My favorite index ETFs are those that track the total market. These guys give exposure to the entire US market, by holding the thousands of underlying stocks that make up the U.S. stock market. Examples of Canadian-listed Total US Market ETFs include VUN and ITOT.

Index investing will likely result in better returns, with fewer demands on your time. You can read more at this post about Index Investing: A Simple Way to Invest in Stocks. 

Canadian Listed ETFs: Fees

The downside is that the Canadian listed ETFs have a higher expense ratio than their US equivalents. For example, both VFV and VOO track the S&P500. VFV has an MER of 0.08%, while VOO has an MER of 0.03%.

Both MERs are tiny and not worth optimizing unless you have millions of dollars invested.

Canadian Listed ETFs: Withholding Taxes

Withholding taxes still apply to Canadian listed ETFs, but you won’t see the withholding tax removed when the dividend hits your account. The taxes are already withheld by the fund. 

This is why the dividend yield of the Canadian-listed ETF will be about 15% lower than the dividend yield of the same US-listed ETF.

For example, VEE is a Canadian-listed ETF that holds the US listed ETF  VWO. The US-listed ETF VWO holds thousands of Emerging Market stocks. 

Let’s have a look at the dividend yield of both: 

VWO Distribution yield: 2.63%

VEE Distribution Yield: 2.16%

The yield on VEE is lower than VWO because VEE already captures the 15% withholding tax. VWO’s dividend is quoted before withholding taxes are removed. 

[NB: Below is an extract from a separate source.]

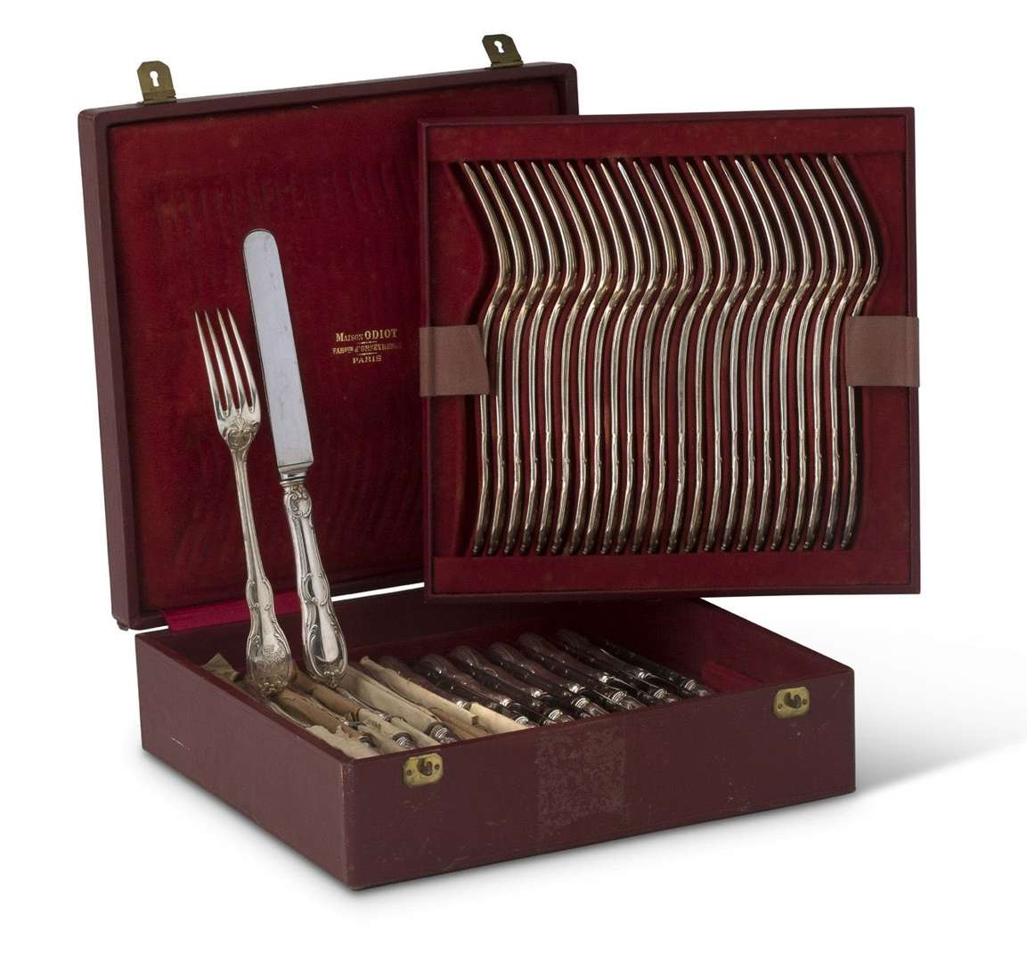 Partie de ménagère en argent et argent fourré modèle Louis XV à rocaille, toutes les pièces gravées aux armes d'alliance de la famille Mauduit du Plessix et Gazeau de La Brandasnières (alliées en 1892) sous une couronne comtale. Comprenant : 48 fourchettes de table 4540 g), 18 cuillères de table (1740 g), et 42 couteaux (18 lames d'acier et 24 lames d'inox, poids brut : 4212 g). Poinçon de maître orfèvre : Maison Odiot et Minerve. Dans deux écrins différents de la Maison Odiot.

  • Any US Stock or US ETF that is listed on a US exchange must be purchased in USD. A currency exchange must occur. 
  • Most brokerages allow you to open a “USD Side” in your TFSA. From here you can buy and sell US securities in USD. Dividends come in as USD cash. 
  • No matter how you slice it, you can’t get away from the 15% withholding tax on dividends from US listed stocks & ETFs in a TFSA.  
  • Unless you use Norbert’s Gambit, you have to exchange currency and pay the 1% to 2% exchange fee to move cash to the USD side of the TFSA. 
  • Canadian Listed index ETFs are a simple way to save on currency exchange. You still pay a 15% withholding tax on dividends from the underlying stocks.